- _EXERCISE DATA_:
"""
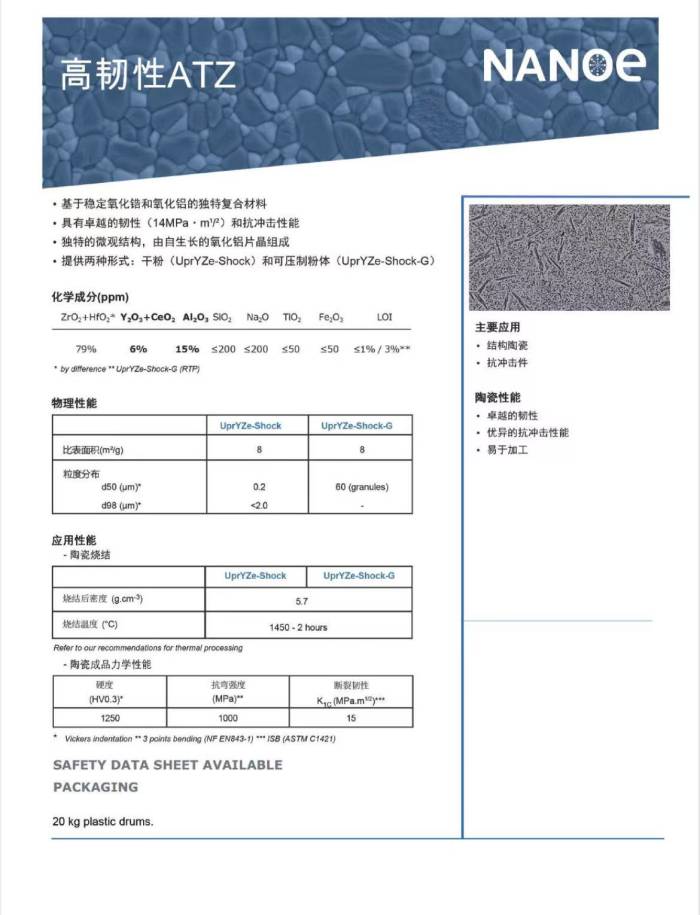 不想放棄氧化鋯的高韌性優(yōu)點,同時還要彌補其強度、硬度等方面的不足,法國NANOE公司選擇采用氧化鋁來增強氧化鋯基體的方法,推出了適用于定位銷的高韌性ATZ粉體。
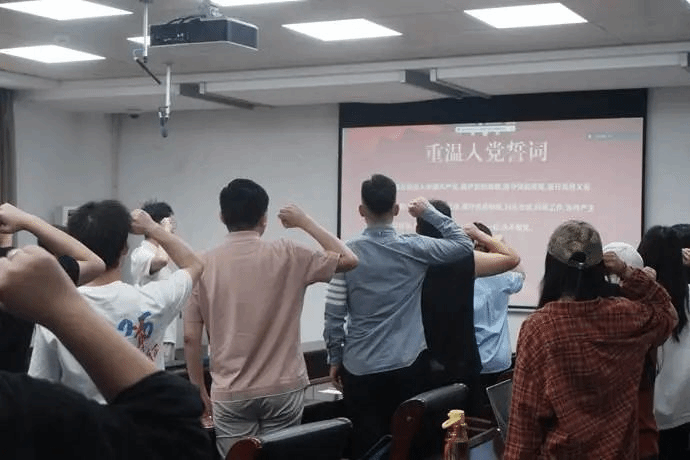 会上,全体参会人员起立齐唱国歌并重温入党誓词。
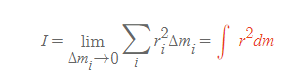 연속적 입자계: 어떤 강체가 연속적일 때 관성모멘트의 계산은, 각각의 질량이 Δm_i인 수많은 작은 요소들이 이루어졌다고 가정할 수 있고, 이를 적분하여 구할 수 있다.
"""
Copy the whole listing exactly, excluding the pictures in it.

- _RESPONSE_:
 不想放棄氧化鋯的高韌性優(yōu)點,同時還要彌補其強度、硬度等方面的不足,法國NANOE公司選擇采用氧化鋁來增強氧化鋯基體的方法,推出了適用于定位銷的高韌性ATZ粉體。
 会上,全体参会人员起立齐唱国歌并重温入党誓词。
 연속적 입자계: 어떤 강체가 연속적일 때 관성모멘트의 계산은, 각각의 질량이 Δm_i인 수많은 작은 요소들이 이루어졌다고 가정할 수 있고, 이를 적분하여 구할 수 있다.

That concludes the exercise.